Radicchio (pronounced ra-dee-kyoh) is so much more than that bitter red cabbagey stuff found in bags of mixed greens.
This cool weather crop, from the same family as daisies, packs a punch in the flavor and nutrient department.
Radicchio, a leaf chicory, is grown as a leaf vegetable in the form of a wine red compact head (like cabbage) with defined bold white veins. It generally has a bitter or spicy flavor in its uncooked state. Eaten raw it is certainly an acquired taste but adds a bold depth to fresh lively salads. It is especially highlighted when paired with citrus. Try a mix of radicchio, blood orange and quinoa with your favorite nuts or seeds. The flavor and texture will blow your mind.
If bold, spicy and slightly bitter isn’t your thing, try it roasted or sautéed. The flavor calms down and sweetens slightly the way cabbage does but with a flavor you won’t find in any other leaf vegetable.

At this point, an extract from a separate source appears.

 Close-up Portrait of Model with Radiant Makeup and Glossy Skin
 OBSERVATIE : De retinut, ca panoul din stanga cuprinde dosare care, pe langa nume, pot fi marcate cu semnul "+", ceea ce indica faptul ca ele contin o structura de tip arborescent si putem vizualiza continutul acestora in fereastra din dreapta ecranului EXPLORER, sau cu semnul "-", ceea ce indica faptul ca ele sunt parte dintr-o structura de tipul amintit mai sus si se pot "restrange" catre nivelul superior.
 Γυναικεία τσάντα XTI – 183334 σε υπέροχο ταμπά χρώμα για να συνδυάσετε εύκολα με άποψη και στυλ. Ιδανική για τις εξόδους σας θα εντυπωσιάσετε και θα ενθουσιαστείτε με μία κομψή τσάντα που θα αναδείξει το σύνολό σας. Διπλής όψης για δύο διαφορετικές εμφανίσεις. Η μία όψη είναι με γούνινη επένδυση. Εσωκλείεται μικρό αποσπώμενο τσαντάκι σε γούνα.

Aside from bold flavor and color, this little head of leaves is a plentiful source of dietary fiber, vitamins, minerals, antioxidants and plant phytonutrients.

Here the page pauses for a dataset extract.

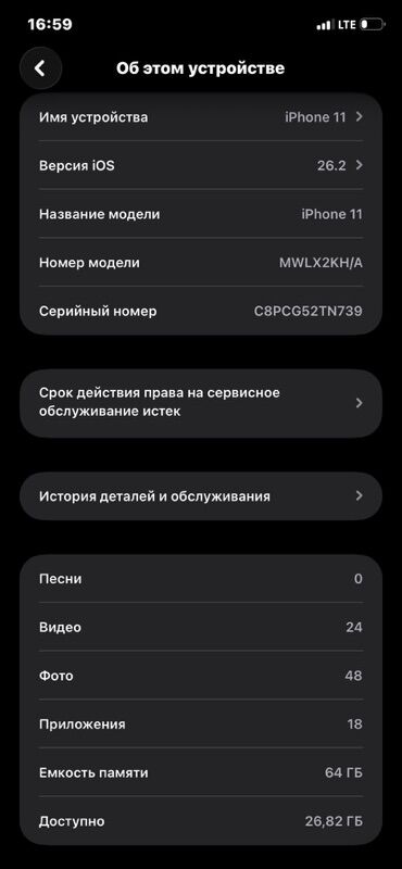 - Память: 64 ГБ (доступно ~26,8 ГБ)

Radicchio is also a great source of selenium, calcium, phosphorus, vitamin A, vitamin C, vitamin K, vitamin E, folate and potassium.
The practical benefits of radicchio for straight up health include:
* Overall wellness (antioxidants)
* Improved digestion and reduced cholesterol (promoted bile production)

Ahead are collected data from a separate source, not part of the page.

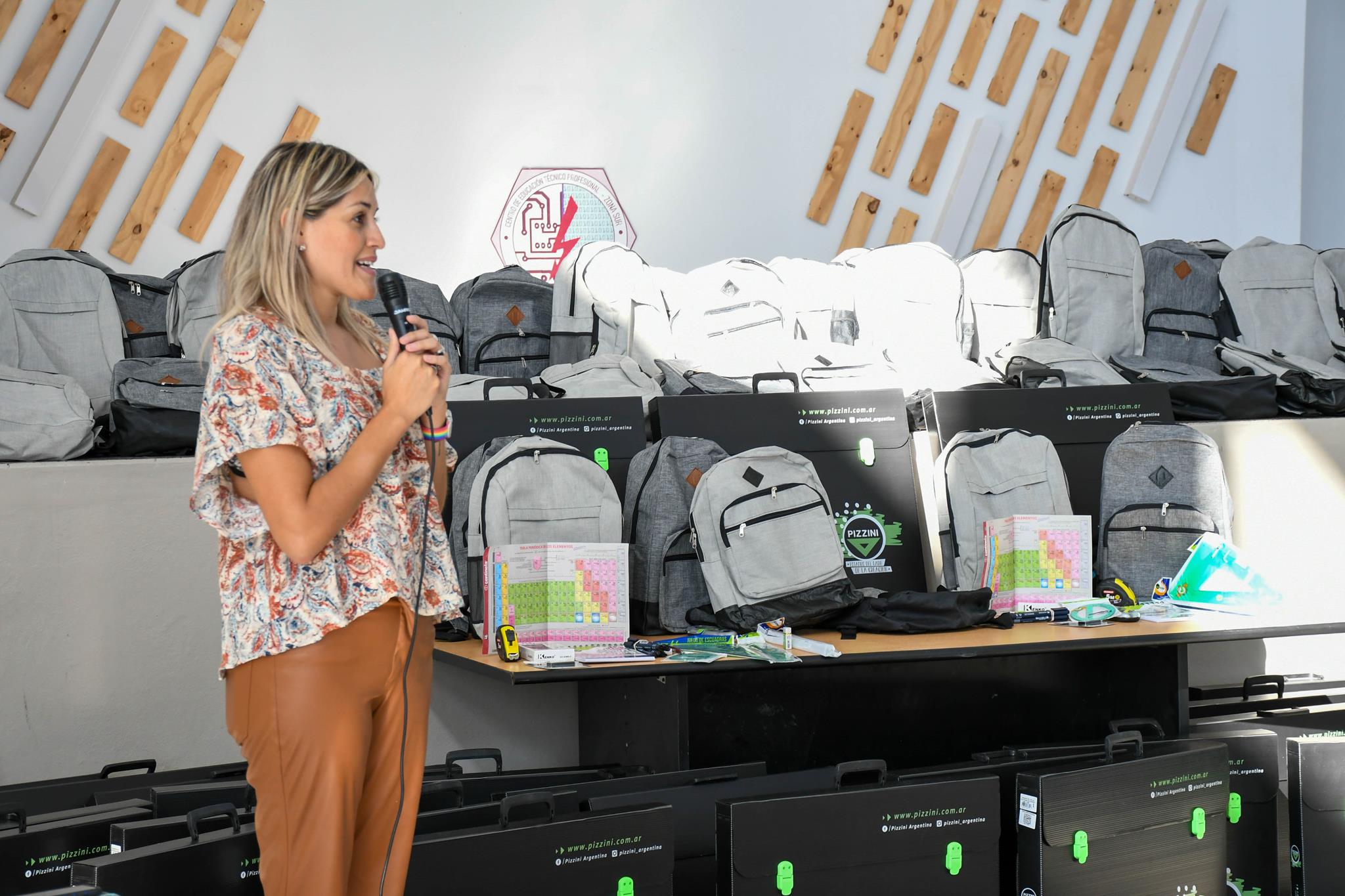 La ministra de Educación de la provincia, Andrea Centurión junto al director de Educación Técnica y Formación Profesional, Miguel Sandoval hizo entrega de 110 mochilas técnicas y tableros, destinados a los alumnos de 1er año de las tecnicaturas en Programación y Electrónica de la Escuela Secundaria del Centro de Educación Técnico Profesional “Presidente Néstor Carlos Kirchner”. Estuvieron también presentes el equipo directivo de la institución educativa a cargo de Roxana Jerez, la coordinadora de Formación Laboral y Profesional, Thelma Lencina, la coordinadora de Fundamentación Básica, Fernanda Leguizamón y el plantel docente.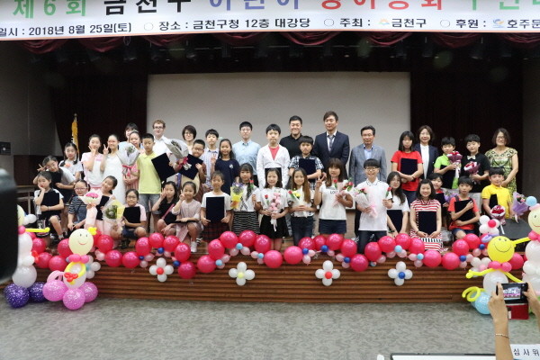 지난해 8월 열린 ‘제6회 금천구 어린이 영어동화 구현대회’에서 참가자들이 기념촬영을 하고 있다.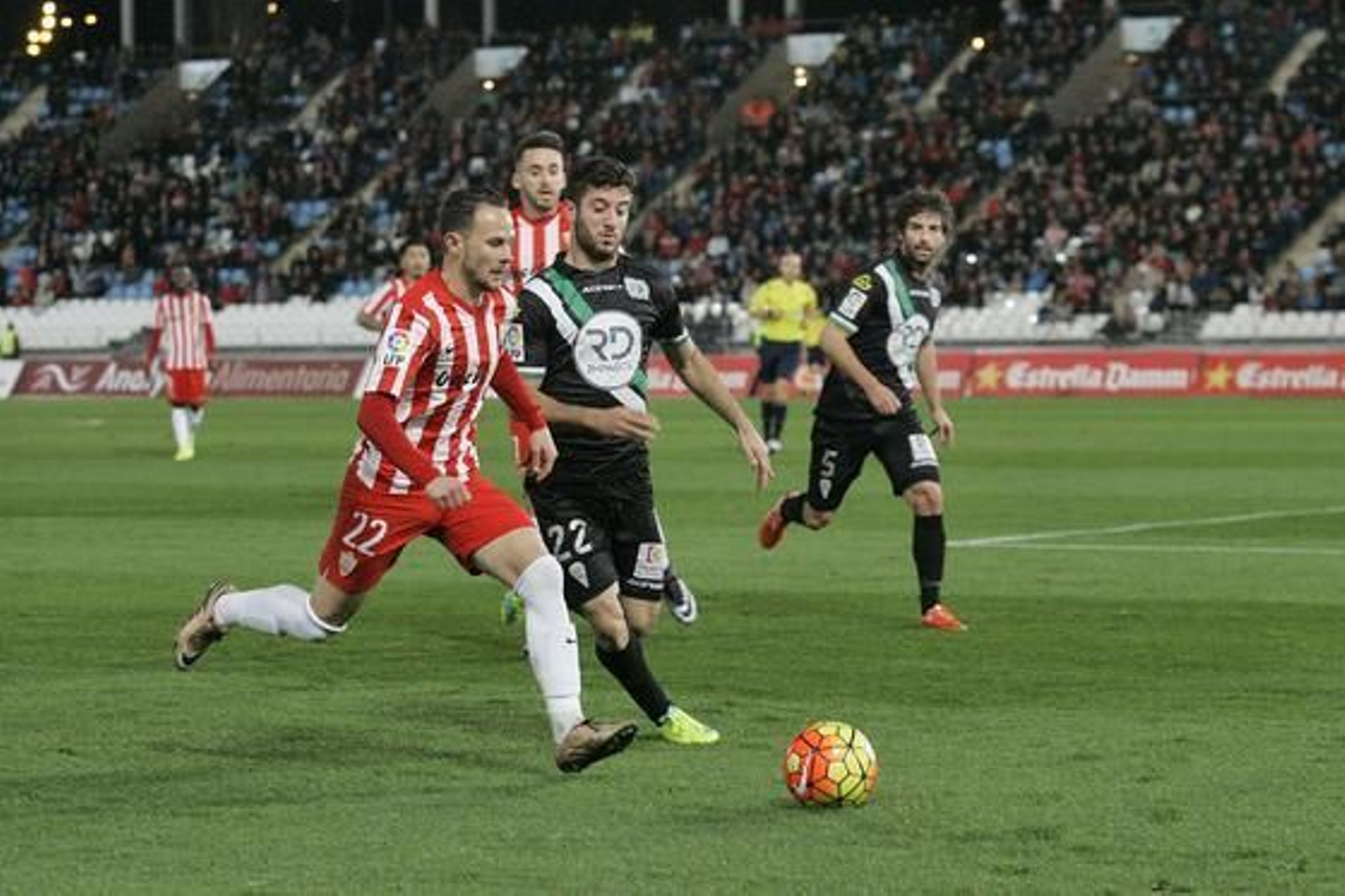 Pero la cosa estaba para asestar un golpe tirando de calidad. Nada más arrancar el segundo acto, Xisco habilitó a Víctor, pero Casto salió rápido a sus pies. Un primer aviso que tuvo continuidad en el gol, en el que el asistente se comió un fuera de juego de Fidel en el origen; luego, Florin hizo su trabajo en el área tras el servicio de Markovic y rompió el equilibrio. Lo más difícil estaba ya hecho. Quedaba ver ahora cómo se comportaría el Almería, presionado por la situación, la clasificación y su propio fútbol. Con todo, se encontró con un regalo inesperado. Esa compensación propia de los malos árbitros. Stankevicius dejó al Córdoba con diez por dos acciones que no merecían siquiera la amonestación verbal y dibujó un partido nuevo que sirvió para demostrar la madurez del equipo. Dalmau ocupó su sitio y Oltra dibujó un 4-4-1; Gorosito movió sus fichas de arriba, refrescando la última línea, pero sin arriesgar lo más mínimo.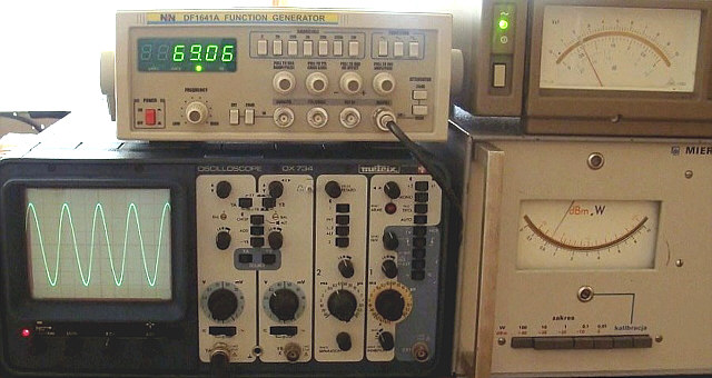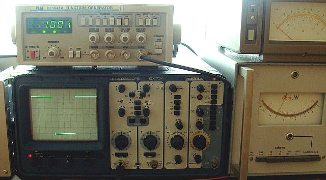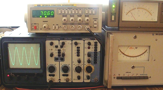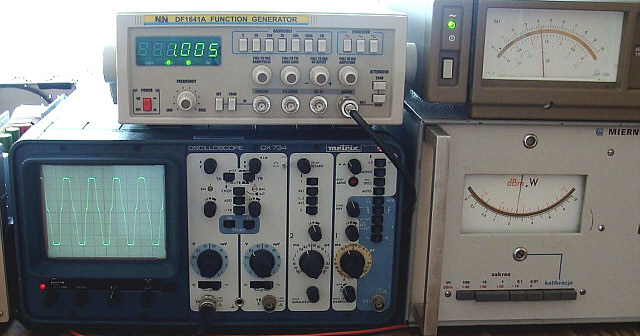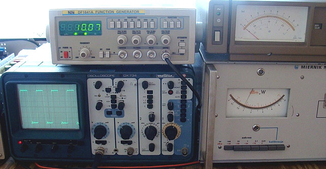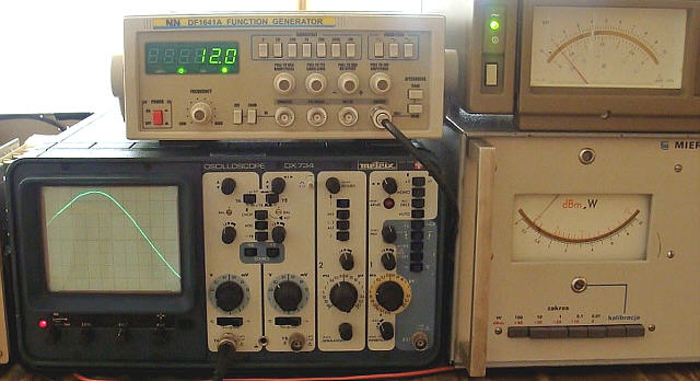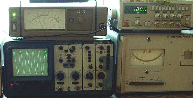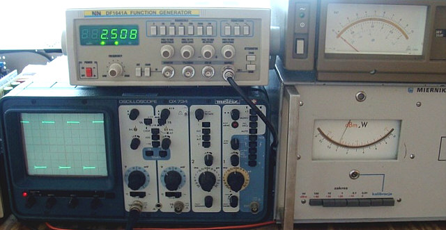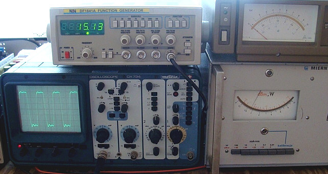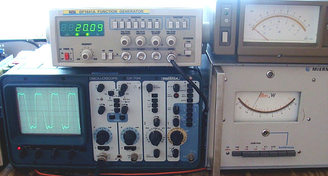 Sygnał prostokątny o częstotliwości 1kHz, moc wyjściowa 10W.

* Bone and neural health as well as treatment of Alzheimer’s disease (vitamin K)
* Ocular health (phenolic flavonoid antioxidants)
Do we really need a list a mile long of health benefits to add something tasty and new to our veggie regimen? Not likely, but it helps to know that every crunch and munch of this plant’s goodness is fighting for your health.
If you haven’t given it a chance, or it’s been a while since you savored its full flavored leaves, it may be time to give radicchio a go.